For the neural network that has the best accuracy on testing data, display the confusion matrix for the network applied to training data and to testing data. Discuss the values you see in both confusion matrices with at least five sentences.

Download A6grader.tar and extract A6grader.py from it.

In [45]:
%run -i "A6grader.py"

======================= Code Execution =======================

['Anderson-A6.ipynb']
Extracting python code from notebook named 'Anderson-A6.ipynb' and storing in notebookcode.py
Removing all statements that are not function or class defs or import statements.

Testing

X = (np.arange(10) - 5).reshape(-1, 1)
T = np.sin(X)
nnet, error_trace = train_for_regression(X, T, [20], 2000, 0.01)

--- 30/30 points. Your final value in error_trace is correct (less than 0.1)

Testing

X = np.linspace(-10, 10, 100).reshape(2, -1).T
T = (np.sin(0.1 * np.abs(X[:,0]) * X[:, 1]) > 0.7).astype(int)
nnet, error_trace = train_for_classification(X, T, [20], 2000, 0.01)

--- 30/30 points. Your final value in error_trace is correct (greater than 0.98)

======================================================================
A6 EXECUTION Grade is 60 / 60
======================================================================

___ / 5 points. DataFrame showing results of train_for_regression.

___ / 15 points. Discussion of train_for_regression results with at least five sentences.

___ / 3 points. DataFrame showing results of train_for_classification.

___ / 2 points. Confusion matrix showing results of best network from train_for_classification.

___ / 15 points. Discussion of train_for_classification DataFrame and confusion matrix
results with at least ten sentences.

======================================================================
A6 ADDITIONAL Grade is __ / 40
======================================================================

======================================================================
A6 FINAL GRADE is  _  / 100
======================================================================

Extra Credit: Earn one point of extra credit for correct application of train_for_regression
to a second regression data set from the UCI ML Repository and
discussion of the result.

Extra Credit: Earn one point of extra credit for correct application of train_for_clsssification
to a second classification data set from the UCI ML Repository and
discussion of the result.

A6 EXTRA CREDIT is 0 / 2


## Check-in¶

Do not include this section in your notebook.

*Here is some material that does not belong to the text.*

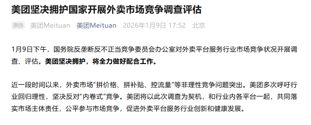 1月9日,国务院反垄断反不正当竞争委员会办公室宣布,对外卖平台服务行业市场竞争状况开展调查、评估。

Name your notebook Lastname-A6.ipynb. So, for me it would be Anderson-A6.ipynb. Submit the file using the Assignment 6 link on Canvas.

## Extra Credit (up to 2 total points)¶

Earn 1 point of extra credit by applying train_for_regression to a second regression data set from the UCI ML Repository.

Earn 1 point of extra credit by applying train_for_classification to a second classification data set from the UCI ML Repository.